§ EXERCISE DETAILS: The lines needed run from the one that contains "You are purchasing" through the end of the material below, both included; write them out exactly, with no pictures.

··· INFORMATION SUPPLIED ···

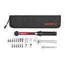 Das 17-teilige Drehmomentschlüssel-Fahrrad-Set mit 1/4-Zoll-Antrieb der Marke 3min19sec setzt sich aus allen wichtigen Teilen zusammen, die für die schnelle Fahrradreparatur benötigt werden. Das Drehmoment lässt sich in einer Spanne zwischen 1 und 25 Nm verstellen und ein akustisches Signal in Form eines leichten Knackens weist darauf hin, dass das gewünschte Drehmoment erreicht ist.
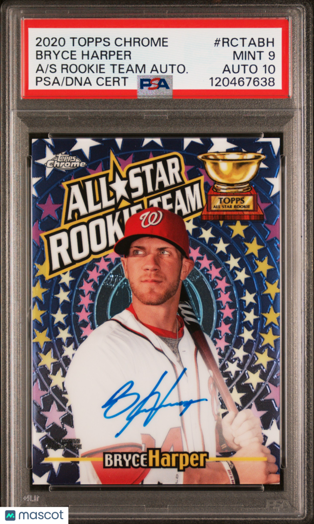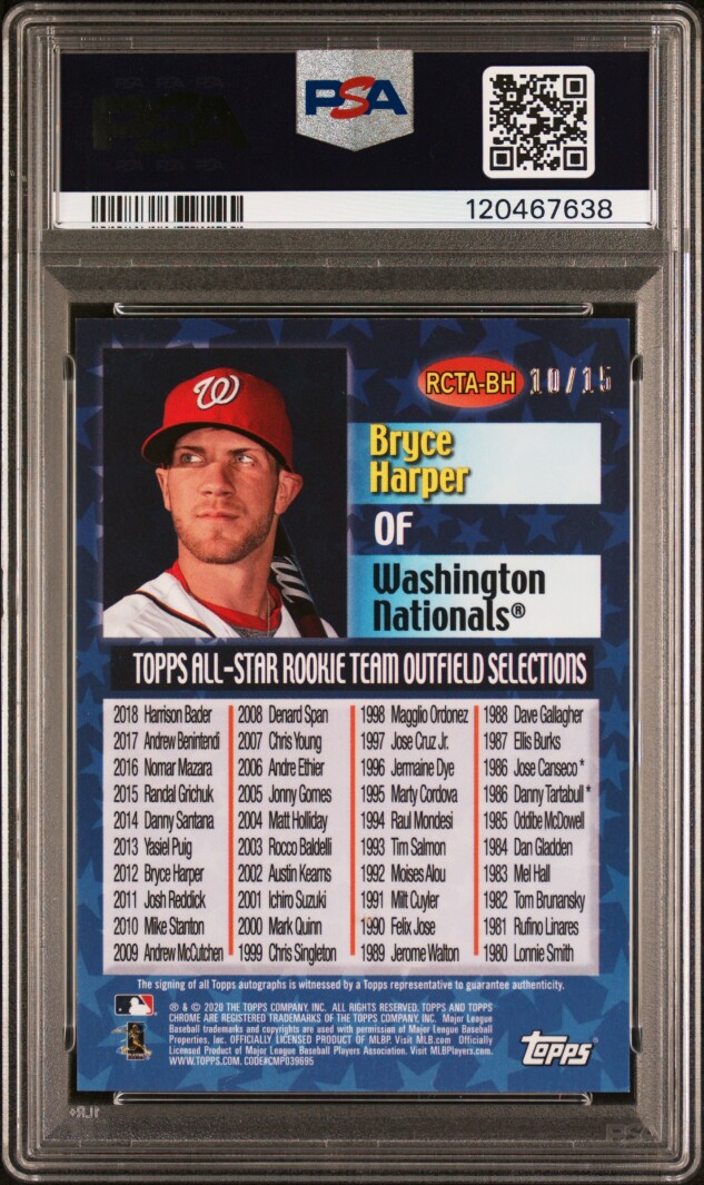 You are purchasing a 2020 Topps Chrome All-Star Rookie Team Autographs Bryce Harper #RCTABH 10/15 PSA 9 Auto 10. You will receive the exact item in the photographs. Thank you for looking.
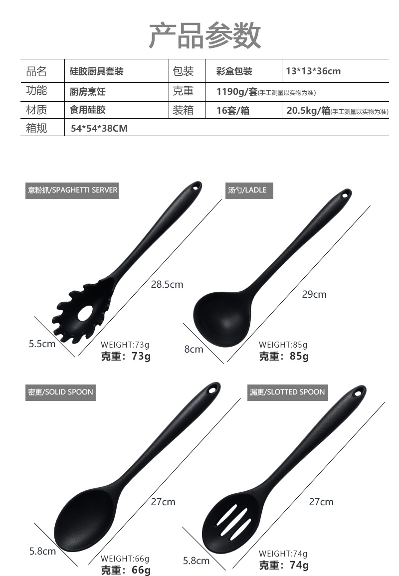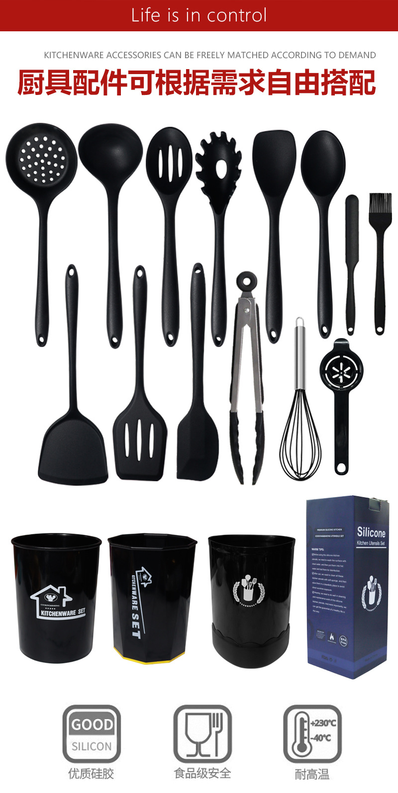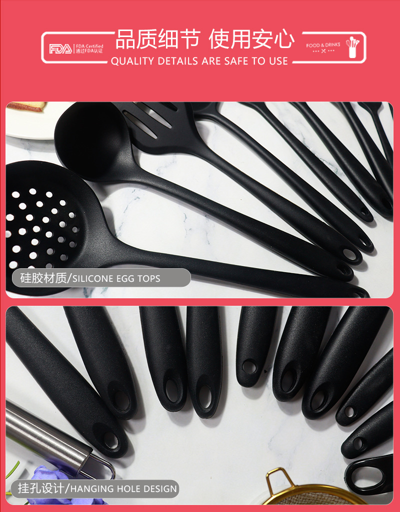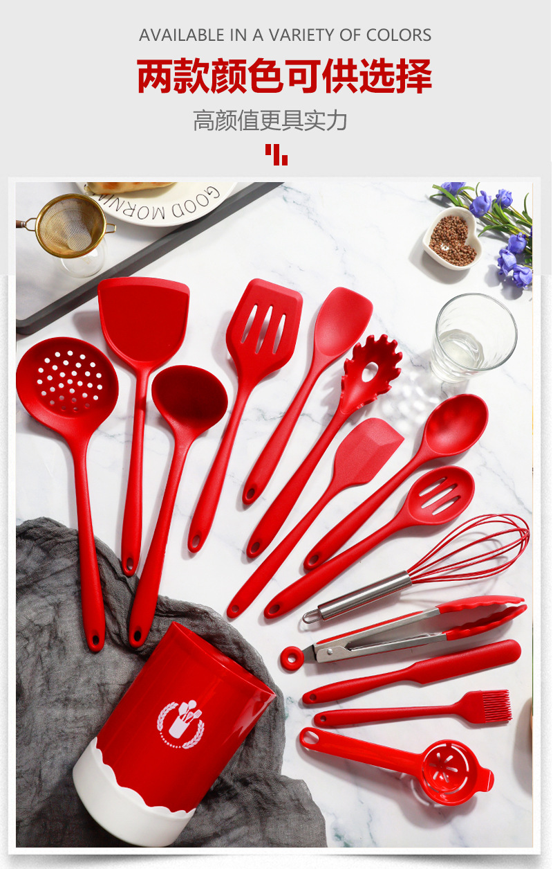 | Tamaño | Juego de utensilios de cocina de silicona de 10 piezas-rojo,Juego de utensilios de cocina de silicona de 10 piezas-negro,Juego de utensilios de cocina de silicona de 15 piezas-rojo,Juego de utensilios de cocina de silicona de 15 piezas-negro |

···

§ EXERCISE SOLUTION:
 You are purchasing a 2020 Topps Chrome All-Star Rookie Team Autographs Bryce Harper #RCTABH 10/15 PSA 9 Auto 10. You will receive the exact item in the photographs. Thank you for looking.
 | Tamaño | Juego de utensilios de cocina de silicona de 10 piezas-rojo,Juego de utensilios de cocina de silicona de 10 piezas-negro,Juego de utensilios de cocina de silicona de 15 piezas-rojo,Juego de utensilios de cocina de silicona de 15 piezas-negro |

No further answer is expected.